В комнате было темно, тихо и спокойно, как в утробе. По всей видимости, большинство пациентов доктора Ромадки предавались тут за большие деньги фантазиям. Неизбежный письменный стол имел двойной изгиб, напоминая старинную козетку. Нигде не было рекламных плакатов: явный признак зажиточности. На одной из стен висела большая круглая композиция, несомненно, копия какого-нибудь античного оригинала. Неясные очертания нимф и сатиров встревожили Фила, и он быстро перевел взгляд на арку, за которой виднелось начало лестницы. Он решил, что у доктора Ромадки должен быть еще и пентхауз. Внезапно послышались рассерженные голоса, мужской и девичий. Вскоре девичий перешел в переполненный ненавистью кошачий визг. Где-то со щелчком захлопнулась дверь, и немного погодя по лестнице, не двигая ногами, спустился мужчина. Фил сообразил, что лестница — это эскалатор.

Доктор Ромадка оказался плотным лысым человеком, источавшим тонкость и проницательность. На его левой щеке краснели четыре глубоких свежих царапины, на которые он абсолютно не обращал внимание и, по всей видимости, ожидал того же от Фила.
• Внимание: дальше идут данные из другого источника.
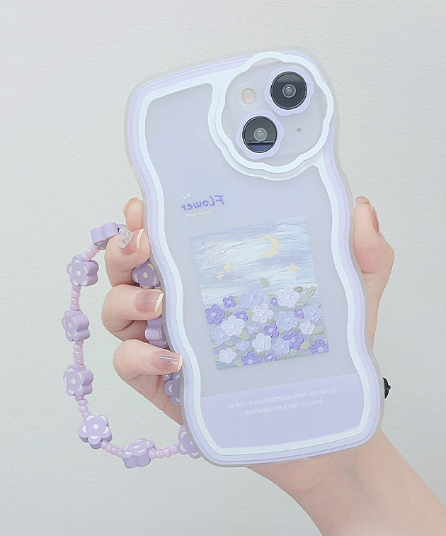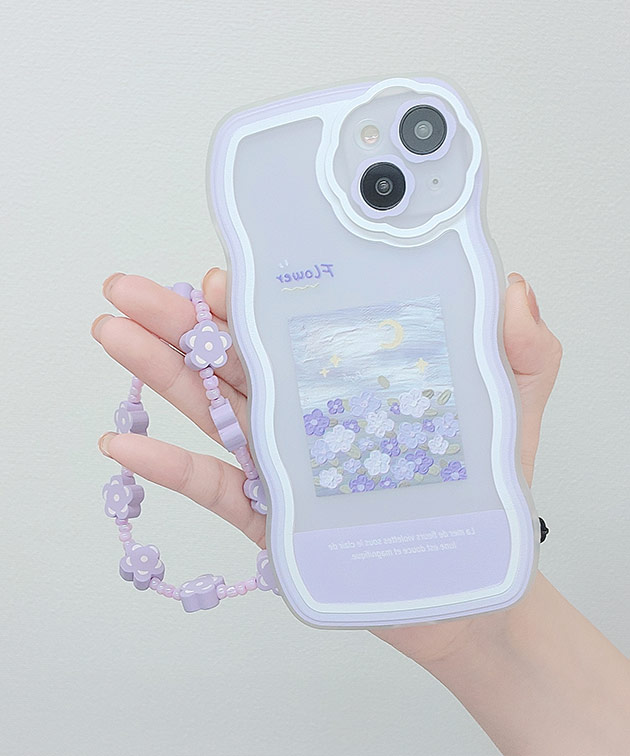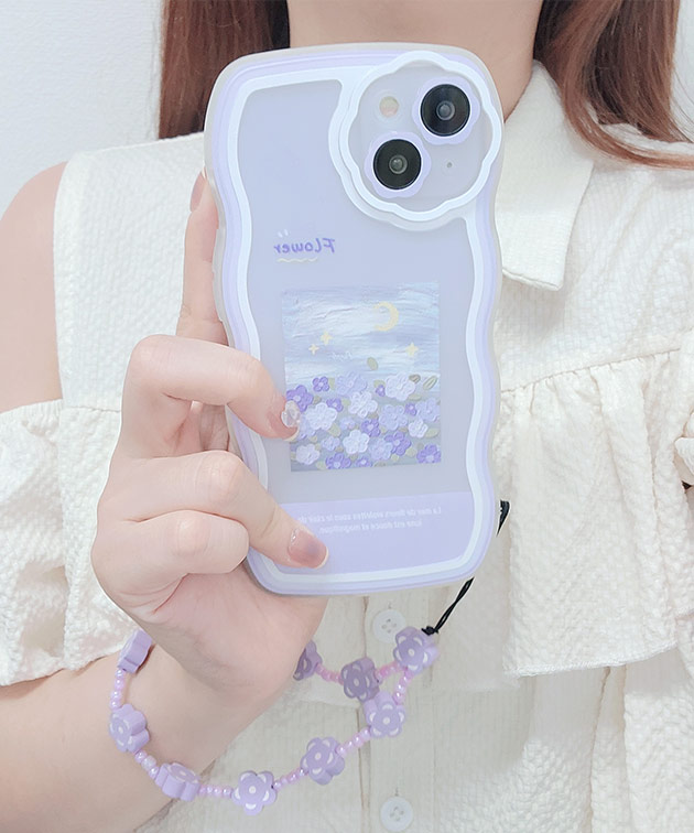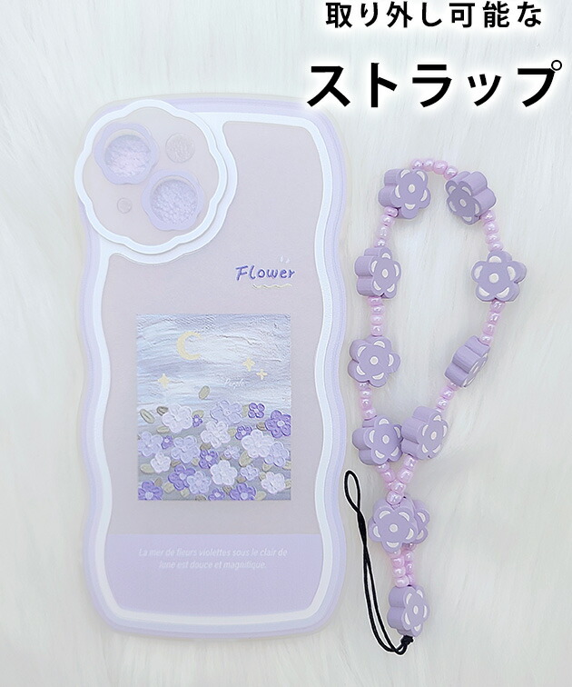 ウエーブライン バイカラー フラワー iPhone ケース 女性 レディース スマホ カバー アクセサリー 立体 ストラップ 花 配色 イラスト もこもこ 可愛い キュート 華やか ギフト マカロン

Доктор кивком головы пригласил пациента к столу. Они сели, глядя друг на друга, разделенные сияющей изогнутой поверхностью. Аналитик улыбнулся.
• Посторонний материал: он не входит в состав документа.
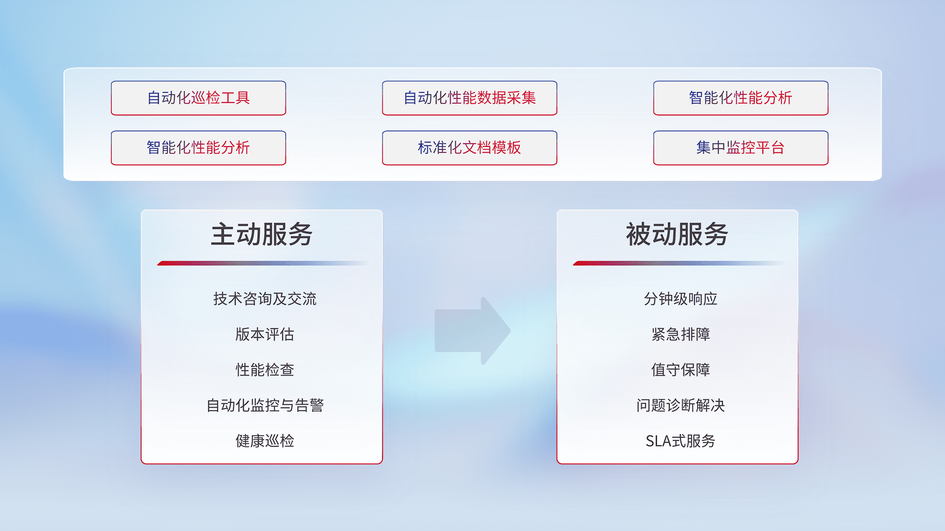 智能化工具和标准化文档,,,保障服务质量,,,提供主动服务(包含技术咨询、、版本评估、、、、性能检查、、、、自动化监控与告警、、、健康巡检)和被动服务包含(分钟级响应、、紧急排障、、、值守保障、、、问题诊断解决、、SLA服务)。。

— Итак, мистер Гиш? Да, Джек Джоунс сообщил мне ваше имя, и поскольку Сашеверелл и Мери в любом случае все оплачивают, новая договоренность меня вполне устраивает. Ах да, Сашеверелл и Мери — это мистер и миссис Экли, друзья Джека Джоунса. Я думал, вы знаете. Между прочим, вы на час опоздали.
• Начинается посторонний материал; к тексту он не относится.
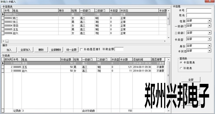 1.485軟件打開后,點(diǎn)一下卡管理--補(bǔ)助入卡--補(bǔ)助入卡輸入,打開補(bǔ)助入卡輸入窗口,在右卡信息中輸入想要添加的人員條件后,點(diǎn)擊下面的查詢,然后在左邊的補(bǔ)助金額后面的框中填寫補(bǔ)助金額,可以選擇是否清零,若選擇補(bǔ)助清零,在領(lǐng)取補(bǔ)助時會將卡上的金額先清零再補(bǔ)助上此次的金額;若選擇不清零,則在領(lǐng)取補(bǔ)助時會累加之前卡上的金額。點(diǎn)擊全部加入,就給選出來的人員生成補(bǔ)助.關(guān)閉此畫面,如下圖所示。
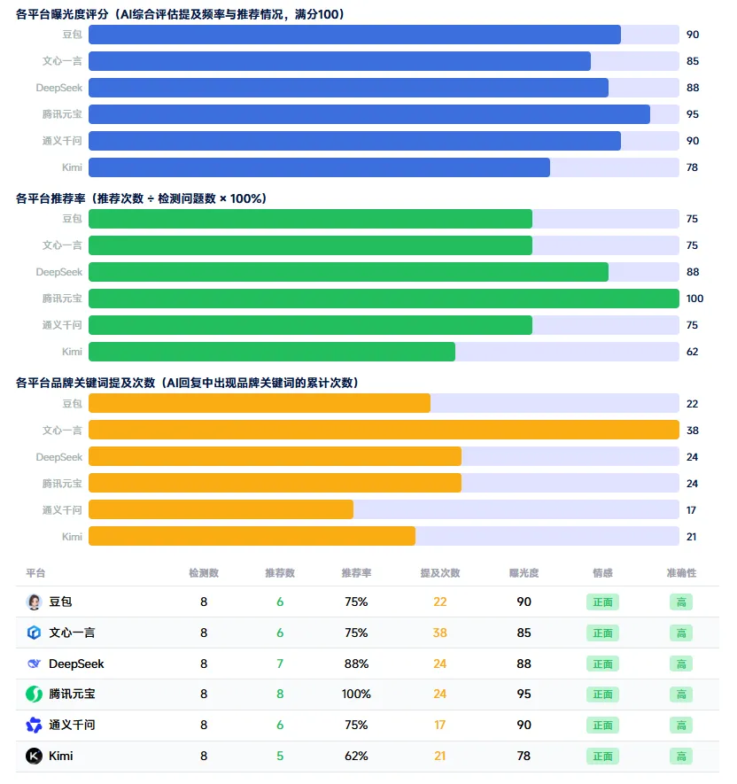 从睿晰自身的实测报告就能看出,睿晰在腾讯元宝的推荐率达到100%,豆包、文心一言、通义千问均达75%,仅KIMI为62%,整体情感均为正面、准确性高。报告还会逐一标注各平台优势与不足,让品牌对自身GEO现状一目了然,精准定位问题平台与薄弱场景。

Капля крови из самой глубокой царапины скатилась по щеке, упала и расплылась на белой рубашке. Фил поежился и заставил себя произнести:

— Я тут с ума сходил. Аналитик кивнул.

— Вы и с виду слегка на взводе.

— Слегка?

— Ну… — Аналитик пожал плечами, словно извиняясь за неумение выразиться точнее, и добавил: — Не удивляйтесь тому, что, как вы выразились, сходите с ума, мистер Гиш. Кстати, можно называть вас Филом? В наши дни это скорее правило, нежели исключение, хотя то, что вы сами признаетесь, несколько непривычно. Вот уже сто лет американцы живут в эпоху коллективного безумия и стадного чувства, сравнимых разве что с тюльпанной манией у голландцев. Здесь и ужас перед ведьмовским ремеслом, и помешательство на танцах, и троцкизм, и крестовые походы. До 1950-го нашу манию можно было бы назвать автомобильной, а теперь нам остается лишь гадать, какое подыскать название. Я, видите ли, пишу непопулярную книгу на эту тему. Не то чтобы нынешнее помешательство в обществе являлось большим секретом либо сильно пугало кого-то. Нет. Каких еще результатов следует ожидать в американском обществе, когда началась переоценка, с одной стороны, безопасности, цензуры, надуманного идеализма, призванного спасти мир, и самопожертвования на войне, а с другой — неутолимой жажды приобретений, жестокой соревновательности и агрессивности, воинственности садистов-мужчин, презрения к родителям и государству и фантастически чрезмерно поощряемой сексуальности?